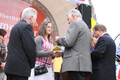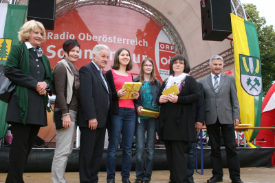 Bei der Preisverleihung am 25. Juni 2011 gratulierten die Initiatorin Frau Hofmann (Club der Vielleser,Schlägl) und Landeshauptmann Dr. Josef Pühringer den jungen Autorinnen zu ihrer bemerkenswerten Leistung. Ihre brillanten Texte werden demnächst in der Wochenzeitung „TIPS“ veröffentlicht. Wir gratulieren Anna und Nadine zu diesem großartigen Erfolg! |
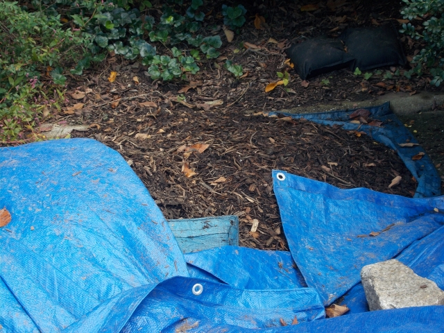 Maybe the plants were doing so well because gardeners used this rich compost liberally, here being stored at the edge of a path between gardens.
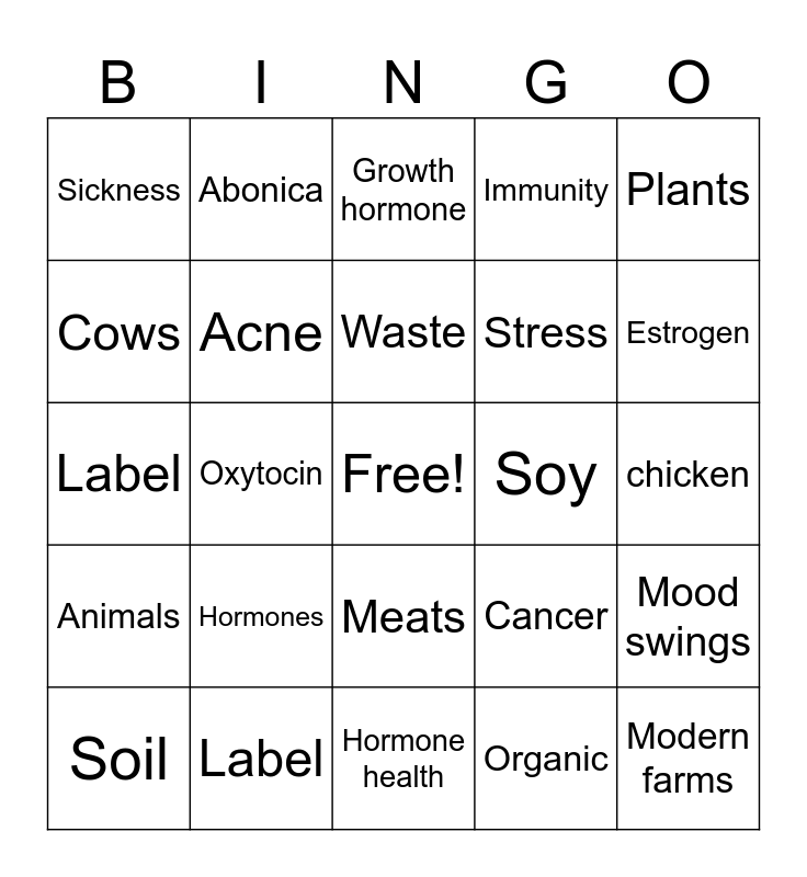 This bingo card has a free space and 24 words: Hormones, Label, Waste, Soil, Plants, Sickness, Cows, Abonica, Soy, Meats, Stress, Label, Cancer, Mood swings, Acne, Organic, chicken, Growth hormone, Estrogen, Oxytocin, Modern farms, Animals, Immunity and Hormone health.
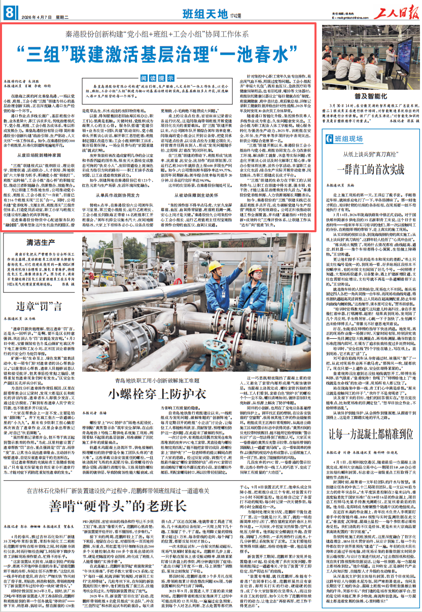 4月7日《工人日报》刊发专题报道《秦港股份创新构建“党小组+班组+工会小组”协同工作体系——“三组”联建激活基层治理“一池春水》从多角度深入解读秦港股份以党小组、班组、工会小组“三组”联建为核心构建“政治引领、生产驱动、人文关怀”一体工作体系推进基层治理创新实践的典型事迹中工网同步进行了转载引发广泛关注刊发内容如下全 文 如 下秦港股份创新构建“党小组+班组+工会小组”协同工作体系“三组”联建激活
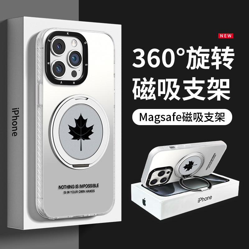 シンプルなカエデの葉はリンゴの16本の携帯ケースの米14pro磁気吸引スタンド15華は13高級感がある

ABOUT THIS EXERCISE - Your output should be the lines from the one with "Maybe the plants" through the end of the listing, copied exactly and with the pictures left out.

YOUR RESPONSE -
 Maybe the plants were doing so well because gardeners used this rich compost liberally, here being stored at the edge of a path between gardens.
 This bingo card has a free space and 24 words: Hormones, Label, Waste, Soil, Plants, Sickness, Cows, Abonica, Soy, Meats, Stress, Label, Cancer, Mood swings, Acne, Organic, chicken, Growth hormone, Estrogen, Oxytocin, Modern farms, Animals, Immunity and Hormone health.
 4月7日《工人日报》刊发专题报道《秦港股份创新构建“党小组+班组+工会小组”协同工作体系——“三组”联建激活基层治理“一池春水》从多角度深入解读秦港股份以党小组、班组、工会小组“三组”联建为核心构建“政治引领、生产驱动、人文关怀”一体工作体系推进基层治理创新实践的典型事迹中工网同步进行了转载引发广泛关注刊发内容如下全 文 如 下秦港股份创新构建“党小组+班组+工会小组”协同工作体系“三组”联建激活
 シンプルなカエデの葉はリンゴの16本の携帯ケースの米14pro磁気吸引スタンド15華は13高級感がある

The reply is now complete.